HOW TO COMPLETE THIS TASK => Copy exactly the lines of the data below that run from the line holding "第五步:第二次把瓷磚鋪上,敲" through the line holding "Plenty of sunshine", both ends included.

DATA FOR ANALYSIS =>

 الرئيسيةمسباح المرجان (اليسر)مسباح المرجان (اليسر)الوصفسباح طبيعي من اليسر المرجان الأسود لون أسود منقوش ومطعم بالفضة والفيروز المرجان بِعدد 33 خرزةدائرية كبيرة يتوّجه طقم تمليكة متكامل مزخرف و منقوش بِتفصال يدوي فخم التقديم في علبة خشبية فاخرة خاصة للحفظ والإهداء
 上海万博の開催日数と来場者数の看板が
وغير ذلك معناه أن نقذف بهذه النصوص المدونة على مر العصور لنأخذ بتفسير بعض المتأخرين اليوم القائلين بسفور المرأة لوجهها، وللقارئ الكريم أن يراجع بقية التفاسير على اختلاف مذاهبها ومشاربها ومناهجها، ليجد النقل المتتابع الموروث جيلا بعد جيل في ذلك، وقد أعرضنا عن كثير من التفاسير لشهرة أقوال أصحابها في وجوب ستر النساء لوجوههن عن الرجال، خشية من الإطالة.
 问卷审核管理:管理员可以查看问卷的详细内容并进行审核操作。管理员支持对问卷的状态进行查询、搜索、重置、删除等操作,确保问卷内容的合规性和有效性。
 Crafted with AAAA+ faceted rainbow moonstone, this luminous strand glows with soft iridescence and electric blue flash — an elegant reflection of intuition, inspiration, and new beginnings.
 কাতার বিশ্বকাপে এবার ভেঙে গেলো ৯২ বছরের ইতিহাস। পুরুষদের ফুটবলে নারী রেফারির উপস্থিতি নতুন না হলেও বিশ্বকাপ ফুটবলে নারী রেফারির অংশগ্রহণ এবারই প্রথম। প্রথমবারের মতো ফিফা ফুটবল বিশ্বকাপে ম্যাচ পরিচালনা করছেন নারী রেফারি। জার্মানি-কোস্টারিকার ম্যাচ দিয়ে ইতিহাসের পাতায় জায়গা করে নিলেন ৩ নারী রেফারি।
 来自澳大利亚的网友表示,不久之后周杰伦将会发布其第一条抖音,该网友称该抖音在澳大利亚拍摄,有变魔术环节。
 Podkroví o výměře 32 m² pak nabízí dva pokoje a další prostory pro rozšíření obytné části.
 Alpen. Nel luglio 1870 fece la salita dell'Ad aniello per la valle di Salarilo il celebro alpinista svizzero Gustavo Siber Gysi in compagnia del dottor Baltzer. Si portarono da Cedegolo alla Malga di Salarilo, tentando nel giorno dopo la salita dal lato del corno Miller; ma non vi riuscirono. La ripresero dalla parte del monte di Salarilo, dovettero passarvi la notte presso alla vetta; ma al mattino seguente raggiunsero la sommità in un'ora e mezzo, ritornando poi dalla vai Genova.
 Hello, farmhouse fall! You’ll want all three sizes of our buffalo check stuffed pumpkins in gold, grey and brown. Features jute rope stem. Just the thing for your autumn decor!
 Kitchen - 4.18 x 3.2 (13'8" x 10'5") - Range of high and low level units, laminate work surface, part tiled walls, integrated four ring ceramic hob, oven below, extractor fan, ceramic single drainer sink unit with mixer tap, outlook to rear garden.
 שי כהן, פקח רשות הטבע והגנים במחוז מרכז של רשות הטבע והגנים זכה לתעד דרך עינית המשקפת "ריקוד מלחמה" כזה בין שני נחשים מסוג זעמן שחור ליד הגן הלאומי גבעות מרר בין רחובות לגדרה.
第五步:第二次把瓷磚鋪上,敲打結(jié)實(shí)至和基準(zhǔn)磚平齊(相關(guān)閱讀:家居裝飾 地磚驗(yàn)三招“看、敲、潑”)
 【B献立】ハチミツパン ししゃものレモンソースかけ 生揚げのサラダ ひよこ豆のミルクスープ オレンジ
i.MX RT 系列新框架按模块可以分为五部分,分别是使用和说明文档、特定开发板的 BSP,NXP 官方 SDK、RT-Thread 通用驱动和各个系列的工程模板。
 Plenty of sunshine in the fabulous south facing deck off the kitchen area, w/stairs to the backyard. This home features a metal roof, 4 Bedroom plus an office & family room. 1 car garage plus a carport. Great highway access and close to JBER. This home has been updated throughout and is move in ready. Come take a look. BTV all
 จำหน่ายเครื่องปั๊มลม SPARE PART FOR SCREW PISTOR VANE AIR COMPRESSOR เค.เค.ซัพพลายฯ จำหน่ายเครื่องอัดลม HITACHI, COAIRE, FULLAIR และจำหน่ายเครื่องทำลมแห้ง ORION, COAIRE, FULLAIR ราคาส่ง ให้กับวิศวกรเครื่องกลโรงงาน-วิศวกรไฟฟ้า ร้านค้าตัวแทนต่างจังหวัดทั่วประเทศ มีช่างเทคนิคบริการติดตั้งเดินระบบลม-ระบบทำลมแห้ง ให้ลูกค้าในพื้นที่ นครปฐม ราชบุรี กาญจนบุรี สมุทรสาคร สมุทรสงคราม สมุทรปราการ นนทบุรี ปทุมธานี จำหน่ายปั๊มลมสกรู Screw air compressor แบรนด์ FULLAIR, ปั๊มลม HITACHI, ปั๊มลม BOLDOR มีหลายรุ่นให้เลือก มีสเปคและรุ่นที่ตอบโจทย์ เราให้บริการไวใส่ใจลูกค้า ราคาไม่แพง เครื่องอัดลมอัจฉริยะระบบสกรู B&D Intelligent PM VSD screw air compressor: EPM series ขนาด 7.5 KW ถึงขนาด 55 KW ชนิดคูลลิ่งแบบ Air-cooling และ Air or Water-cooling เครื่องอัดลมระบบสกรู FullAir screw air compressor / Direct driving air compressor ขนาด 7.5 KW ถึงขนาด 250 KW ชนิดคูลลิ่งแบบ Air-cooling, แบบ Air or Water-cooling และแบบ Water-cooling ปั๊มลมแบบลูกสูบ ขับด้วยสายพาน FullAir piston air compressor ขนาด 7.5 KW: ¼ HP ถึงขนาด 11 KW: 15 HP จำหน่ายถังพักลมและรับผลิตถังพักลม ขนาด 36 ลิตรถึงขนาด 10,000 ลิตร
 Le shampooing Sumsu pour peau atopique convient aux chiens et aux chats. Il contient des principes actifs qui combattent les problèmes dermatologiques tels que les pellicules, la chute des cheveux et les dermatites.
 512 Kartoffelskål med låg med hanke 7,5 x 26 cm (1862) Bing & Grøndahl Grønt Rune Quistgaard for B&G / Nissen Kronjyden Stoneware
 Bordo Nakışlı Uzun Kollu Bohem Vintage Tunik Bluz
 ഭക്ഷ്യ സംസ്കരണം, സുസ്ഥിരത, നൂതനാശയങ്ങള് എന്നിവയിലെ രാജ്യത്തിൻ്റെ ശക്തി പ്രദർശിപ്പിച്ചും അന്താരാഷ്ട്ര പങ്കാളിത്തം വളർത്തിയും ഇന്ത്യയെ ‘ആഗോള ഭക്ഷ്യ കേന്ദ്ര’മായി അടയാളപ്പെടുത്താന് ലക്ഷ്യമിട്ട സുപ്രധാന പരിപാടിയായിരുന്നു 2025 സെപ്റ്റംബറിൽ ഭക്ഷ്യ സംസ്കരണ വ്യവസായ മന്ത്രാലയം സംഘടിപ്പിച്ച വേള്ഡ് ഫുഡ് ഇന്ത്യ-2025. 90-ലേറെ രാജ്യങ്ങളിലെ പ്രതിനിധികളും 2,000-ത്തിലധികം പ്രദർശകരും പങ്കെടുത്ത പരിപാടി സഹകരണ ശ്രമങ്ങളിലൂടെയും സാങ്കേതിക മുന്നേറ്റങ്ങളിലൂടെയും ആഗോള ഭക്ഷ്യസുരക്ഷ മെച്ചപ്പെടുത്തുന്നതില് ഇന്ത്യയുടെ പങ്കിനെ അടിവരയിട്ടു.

SOLUTION TO THE EXERCISE =>
第五步:第二次把瓷磚鋪上,敲打結(jié)實(shí)至和基準(zhǔn)磚平齊(相關(guān)閱讀:家居裝飾 地磚驗(yàn)三招“看、敲、潑”)
 【B献立】ハチミツパン ししゃものレモンソースかけ 生揚げのサラダ ひよこ豆のミルクスープ オレンジ
i.MX RT 系列新框架按模块可以分为五部分,分别是使用和说明文档、特定开发板的 BSP,NXP 官方 SDK、RT-Thread 通用驱动和各个系列的工程模板。
 Plenty of sunshine in the fabulous south facing deck off the kitchen area, w/stairs to the backyard. This home features a metal roof, 4 Bedroom plus an office & family room. 1 car garage plus a carport. Great highway access and close to JBER. This home has been updated throughout and is move in ready. Come take a look. BTV all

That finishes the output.